Pilot study for the standardization of insulin immunoassays with isotope dilution liquid chromatography/tandem mass spectrometry.

BACKGROUND An international working group convened by the American Diabetes Association (ADA) called for a reference measurement procedure for use in a trueness-based standardization project of insulin immunoassays. In view of this demand, we conducted a pilot study to investigate the feasibility of such a standardization project with our isotope dilution-liquid chromatography/tandem mass spectrometry (ID-LC/tandem MS) procedure. METHODS We evaluated the precision, accuracy, and limit of quantification (LoQ) of the ID-LC/tandem MS procedure by use of insulin-free serum supplemented with insulin to give 3 pools with concentrations of 0.0796, 0.769, and 5.56 microg/L. We conducted a pilot method comparison study with 4 immunoassays and 80 samples from fasting and glucose-stimulated patients. RESULTS The within-run and total imprecision (CV) ranged from 3.2% to 6.3% and from 4.9% to 12.1% (listing sequence from the high to the low pool).
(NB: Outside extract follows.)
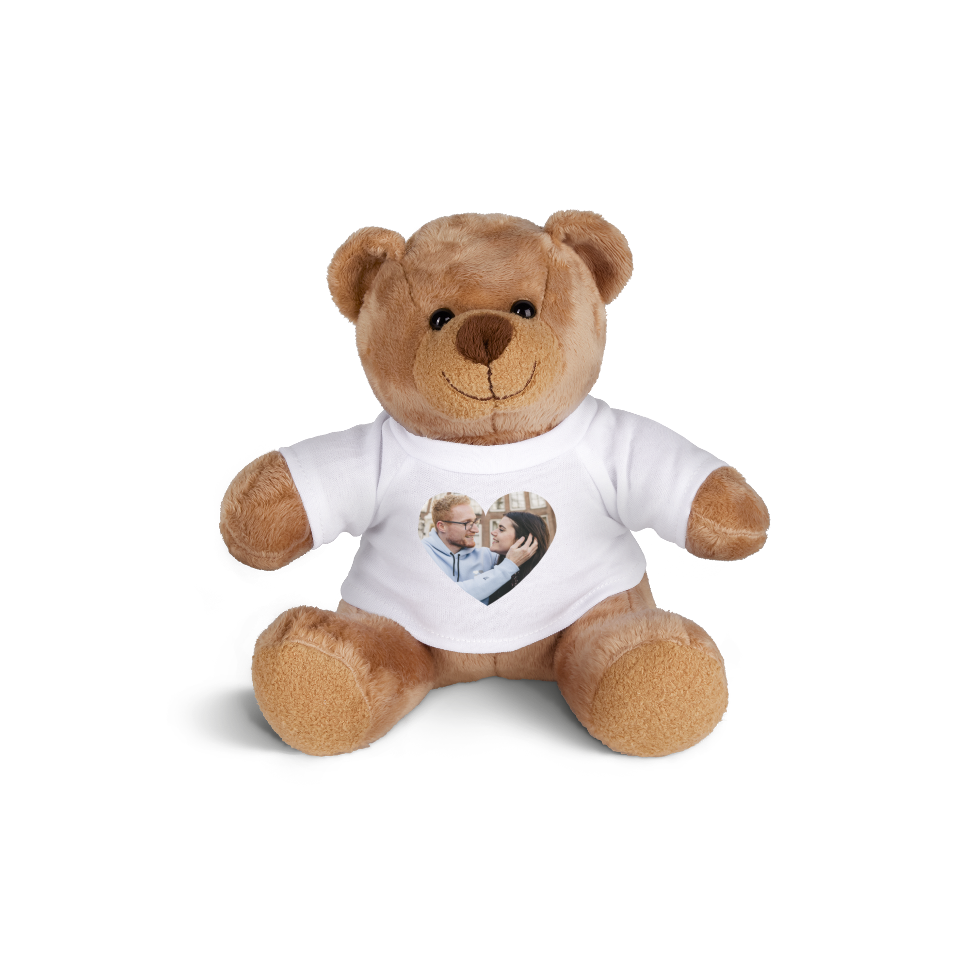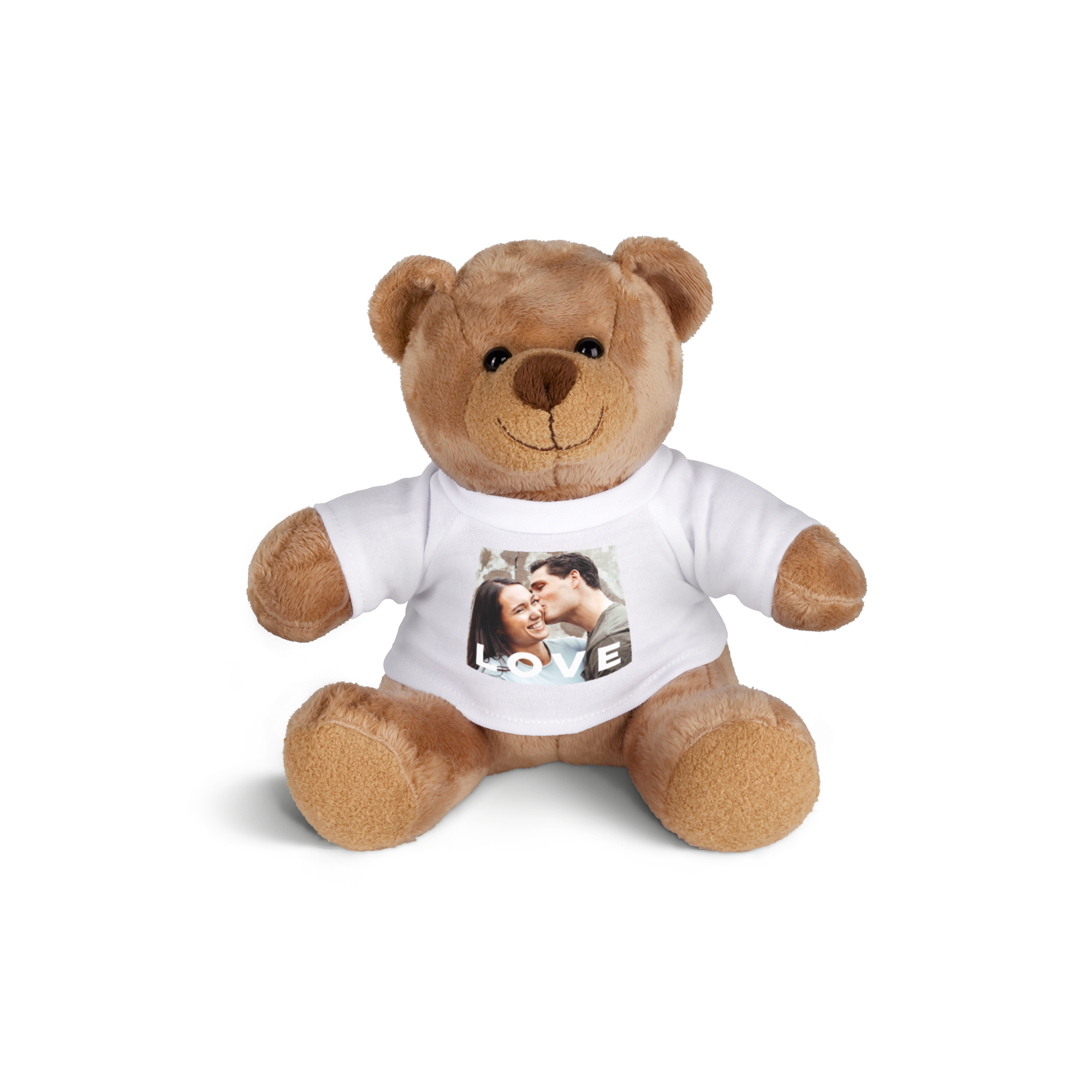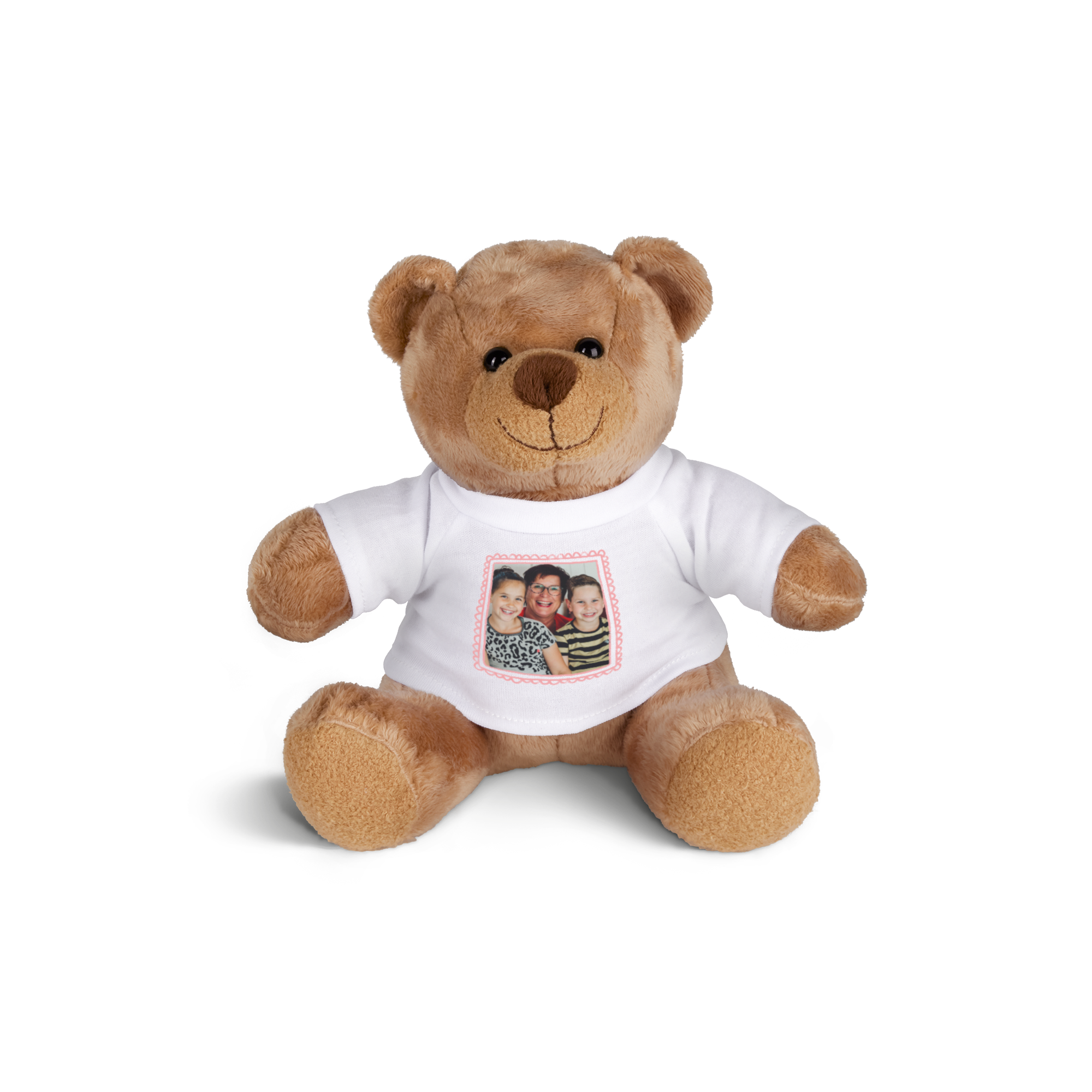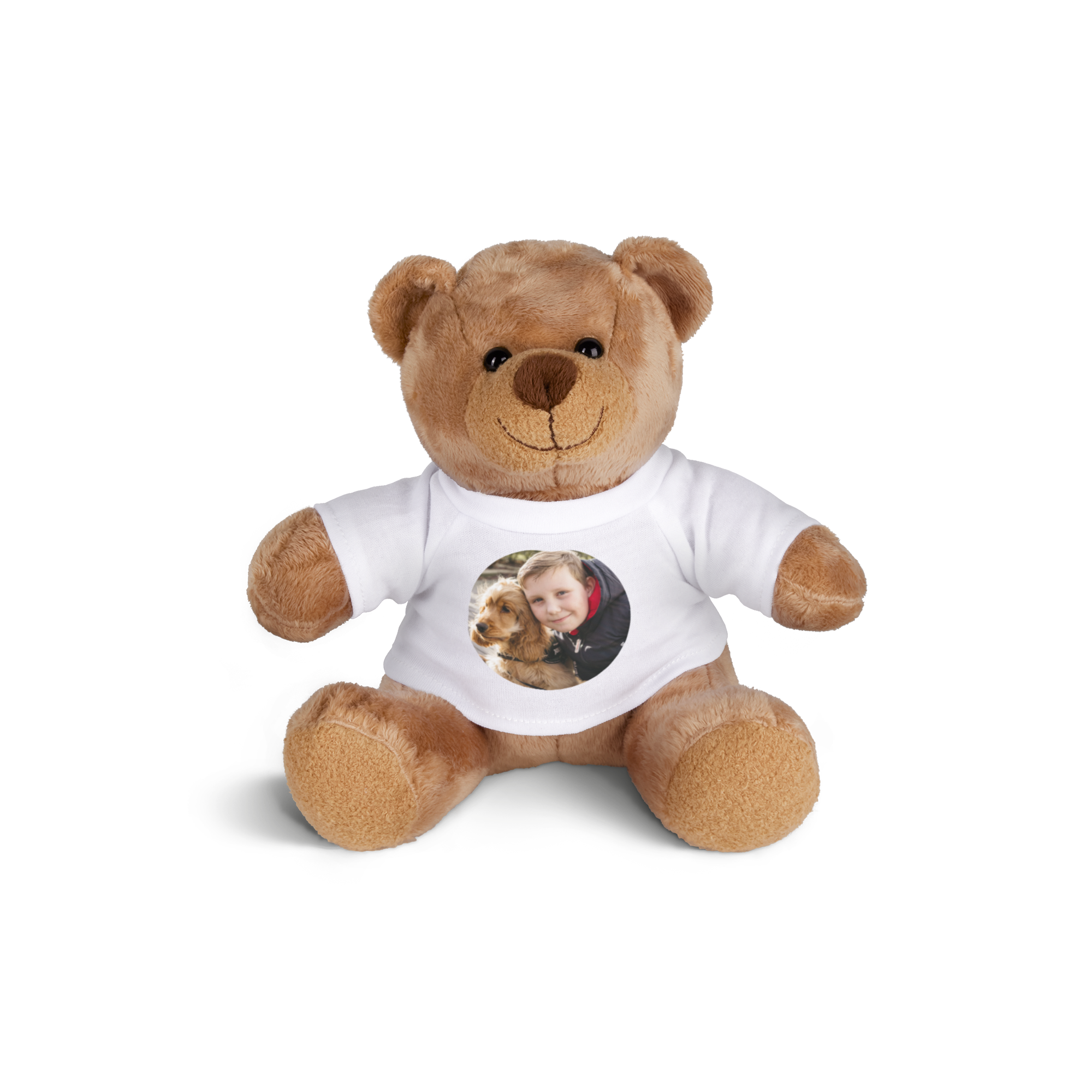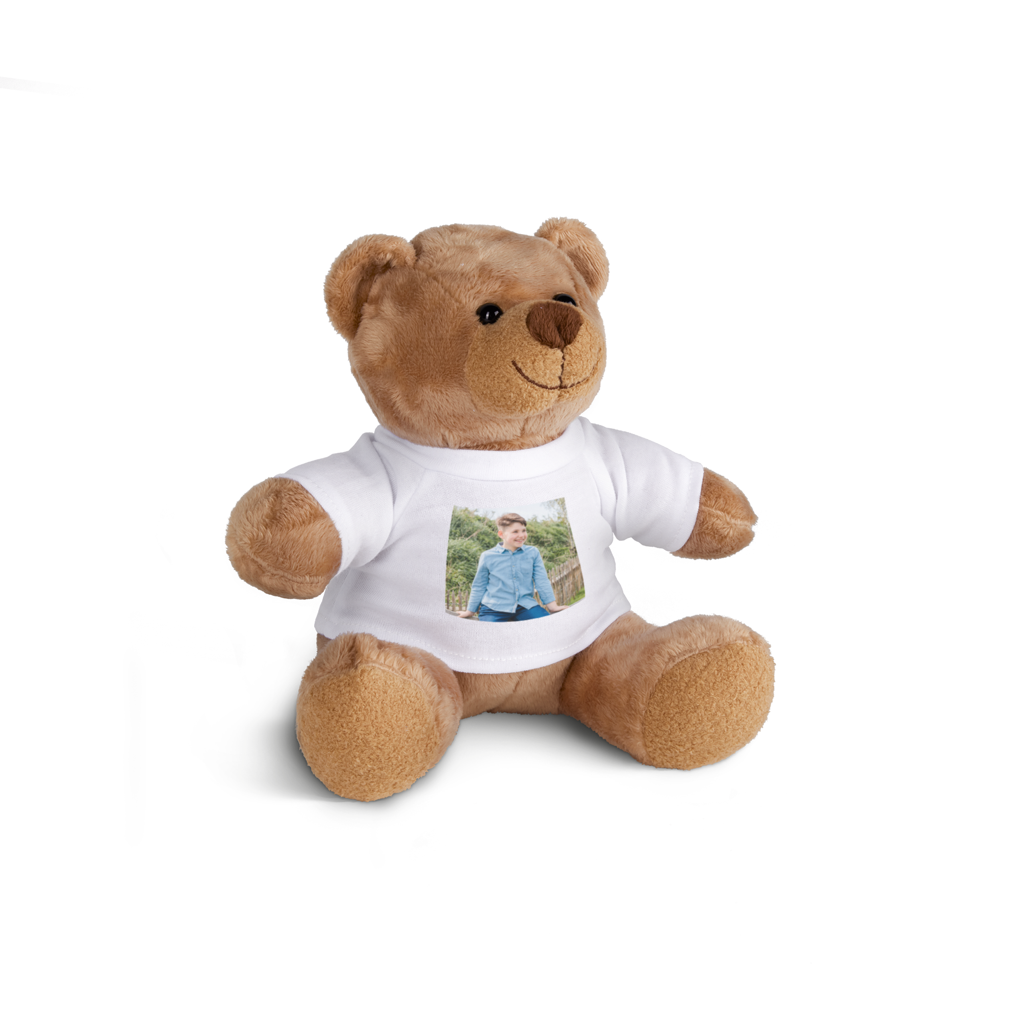 Benjamin Bär ist ein kuscheliger Teddybär, der ein personalisiertes T-Shirt mit Ihrem eigenen Foto und Text trägt!

The recovery from supplemented insulin-free sera ranged from 101.8% to 104.1%, and the LoQ was 0.07 microg/L (12 pmol/L). Weighted Deming regression and correlation analysis of the method-comparison data showed considerable between-assay variation for the immunoassays but, with the exception of one assay, excellent correlation with ID-LC/tandem MS. Recalibration of the immunoassay results considerably reduced the between-assay variation. Moreover, after recalibration, 3 of the 4 assays fulfilled the total error specification of 32% proposed by the ADA Workgroup. CONCLUSIONS Recalibration of insulin assays by regression equations established from method comparison with ID-LC/tandem MS can result in successful standardization and fulfillment of the total error criterion proposed by the ADA Workgroup.